Should SEAL TEAM SIX be used to apprehend or kill celebrity photo hacker?
Should the United States Navy's elite SEAL TEAM SIX be used to find and kill (or apprehend if possible) the apple icloud/celebrity photo hacker? Similar to how they were used to hunt and kill Bin Laden?
And should the US government spend billions of dollars and use the 100% full force of it's massive sprawling intelligence services in finding him?
In terms of being a wanted international fugitive, the person responsible for this hack is probably on the exact same level as Osama Bin Laden. Right now he/she is the #1 most wanted criminal on Earth, and joint operations between the G20 governments as well as aggressive military action should be used in his/her apprehension.
The individual responsible for having done this should be designated as an enemy combatant through a presidential penstroke, and use of deadly force should be authorized in the pursuit of this HVT (high value target).
His/her actions are a DIRE national security concern, and not just a simple police/law enforcement matter, not even by INTERPOL standards.
Posse Comitatus (a United States federal law prohibiting members of the military from exercising powers that maintain "law and order" on non-federal property) may have to be temporarily suspended and martial law declared in order for American military forces to operate on US soil in this hypothetical operation/manhunt. But that would only be if the HVT still resides within the borders of the United States of America and has not yet fled to another country.

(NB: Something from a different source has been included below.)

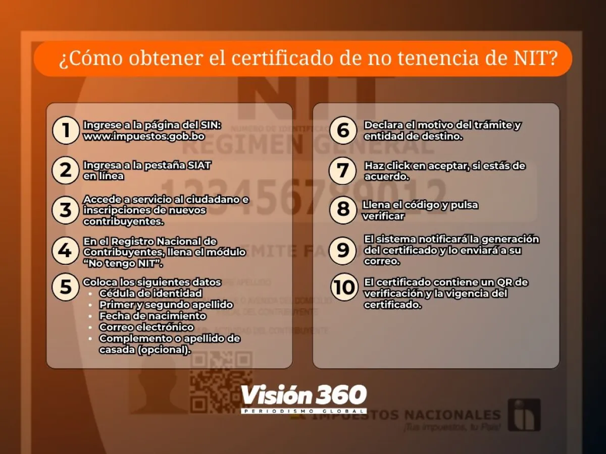 Si alguna entidad le solicita el certificado de no tenencia de NIT (Número de Identificación Tributaria) o simplemente quiere contar con este documento para comprobar que nadie lo sacó a su nombre, para cualquier trámite futuro o evitar cobros de impuestos, el mismo lo puede obtener en minutos en línea a través del Sistema Integrado de Administración Tributaria (Siat).
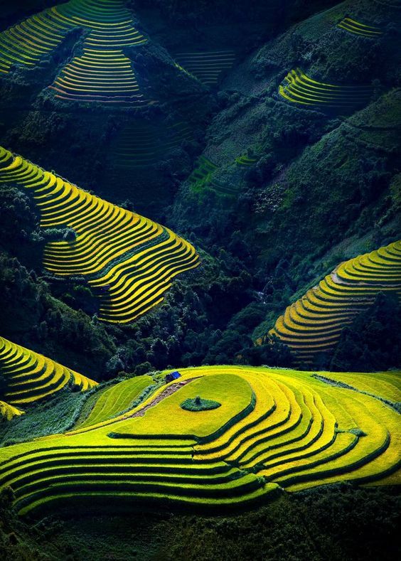 La culture des cultures en terrasses des Mong de La Pan Tan, Che Cu Nha et De Su Phinh a donné à Mu Cang Chai (qui signifie “village aux arbres secs’’) son nom: une colline verdoyante et pleine de vitalité. Les champs en terrasses s’étendent, couche après couche, jusqu’au ciel. La saison des récoltes à Mu Cang Chai a généralement lieu en automne, vers septembre-octobre.

Last edited by MonkeyBusiness : 09-16-2014 at 02:10 PM.
People that go to great lengths to get the celeb/model nudes they desire even though the celeb/model has gone to great lengths to hide such pictures should be SWAT teamed?
I'm pretty sure The Fappening guy didn't pass Snowden or those in the countries that do not like us very much. Just sayin'.
Since these same things happen to normal girls every time they have a cell phone or computer that gets fixed, I don't feel so bad for most of the affected celebs and appreciate they got a taste of normal.
Instead I would feel somewhat bad if they had their credit card info stolen like the rest of us normies deal with. Somewhat bad for them and somewhat "finally".
I'm sure he/she/they will receive what amounts to several consecutive life sentences without any chance of parole.
He/she might even be given a lengthier sentence than rapist and kidnapper Ariel Castro, who kidnapped, held captive, and repeatedly raped and tortured two women of the course of many years. He was given life + 1,000 years in prison.
If I remember correctly there was another celebrity nude photo hacker from 2008 named Christopher Chaney, who accessed more than a dozen celebrities' personal email accounts using the "I forgot my password" feature and then successfully guessed their security questions.
The charges in the initial indictment against him had him facing a death-defying 121 years in federal prison. But he was only given 10 years after entering a plea deal. Also, the guy who hacked Sarah Palin's email using the same method was threatened with 50 years in prison.
Since the fappening leak was far more damaging and affected many more people, I wouldn't be surprised if the person who did (if and when they get caught) might face something like 900-1,000+ years in one of the longest sentences ever handed down to anyone in US history.
I don't believe that he/she is eligible for the death penalty, at least not under the current law.
Last edited by MonkeyBusiness : 09-16-2014 at 06:55 PM.
This is something that requires a pen stroke by the president himself, the permission of congress, as well as joint international agreements between all of the major governments.
It should be left up to the most elite special forces and counter-terorrism commandos in the world (known within the US military as Tier 1 operators) to identify, locate, and terminate this HVT with extreme prejudice in a highly classified and compartmentalized mission.
I suppose that the argument could be made that the target could be eliminated with a drone strike, strafed with the 30mm GAU-8 cannon of an A-10 Warthog, or with a wire-guided missile fired from an Apache Longbow, but they most certainly need to confirm the identity of the kill, and this could cause his/her body to be burnt or damaged beyond recognition (or even vaporized entirely). So it will be necessary to send in special forces ground troops to get the kill-confirmed and take photographs of his/her face and reference them with the ones provided by military intelligence.
Last edited by MonkeyBusiness : 09-17-2014 at 11:35 AM.